Hello and greetings from Finland. I recently bought 1972 Luxury Lemans from States and shipped it here to Finland. These past weeks I have made little repairs and stuff for getting it ready for the road.

Cars paint has seen better days so Iam gonna repaint it. Now I wonder are those upper door/fender emblems original or not. I have saw pictures where is emblems and pictures where is not.

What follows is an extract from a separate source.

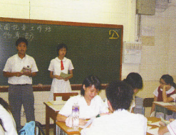
▲ 校友(右)和高年級同學與校園記者交流經驗
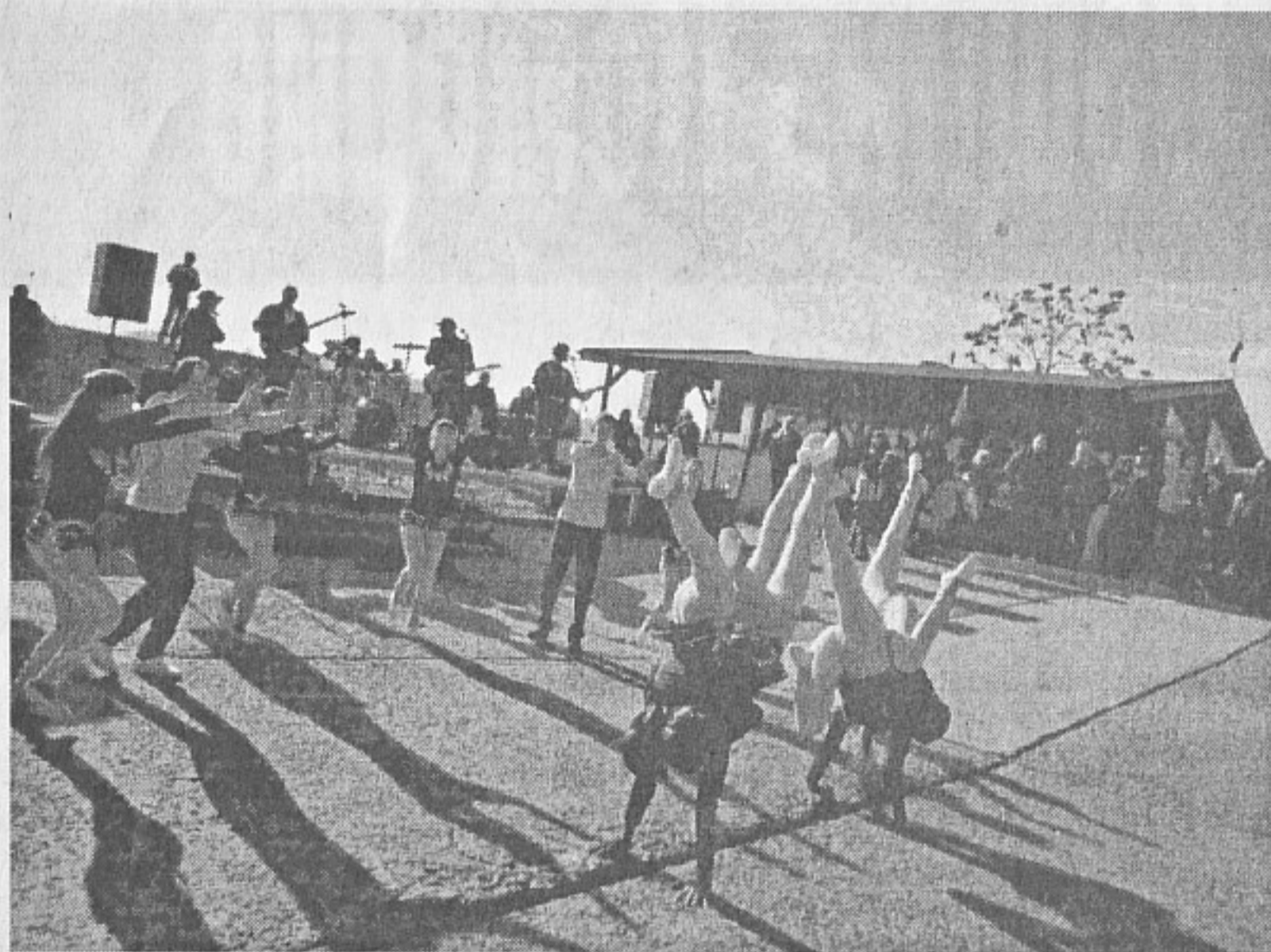
6 декември. Концертни програми от състави на ВК - Айтос по случай празника на гр. Царево

Other question is about one qaugelights. If you watch back of gauges where is that wiretemplate. At upper left corner is bulb and wire attached to it. Where it supposed to go?

I appriciate for help.


----------



## BLK69JUDGE (Jun 10, 2010)

post pictures 
we have no idea of your cars emblems positions

also 

that is NOT a wire 
fairly sure its a fiber optic to your ash trays upper housing to illuminate
the ash tray at night

pictures please


----------



## LuxLemansFin (Jul 5, 2019)

Upper emblems are like those thin ones at this car: https://www.motorious.com/vehicles/164961/1972-pontiac-lemans-luxury-lemans

and the " wire" is that which is attached to white bulb


----------



## BLK69JUDGE (Jun 10, 2010)

thats a factory door ding body line gaurd

my buddys 72 LEMANS SPORT has that also

thats not a wire its a fiber optic to the ash tray housing for illumination

theres a couple in the zip lock on right side of picture
very similar to the real rare 68 only lighted ignition switch fiber optic...

turn the lights on and look into the loose end ...

Scott


----------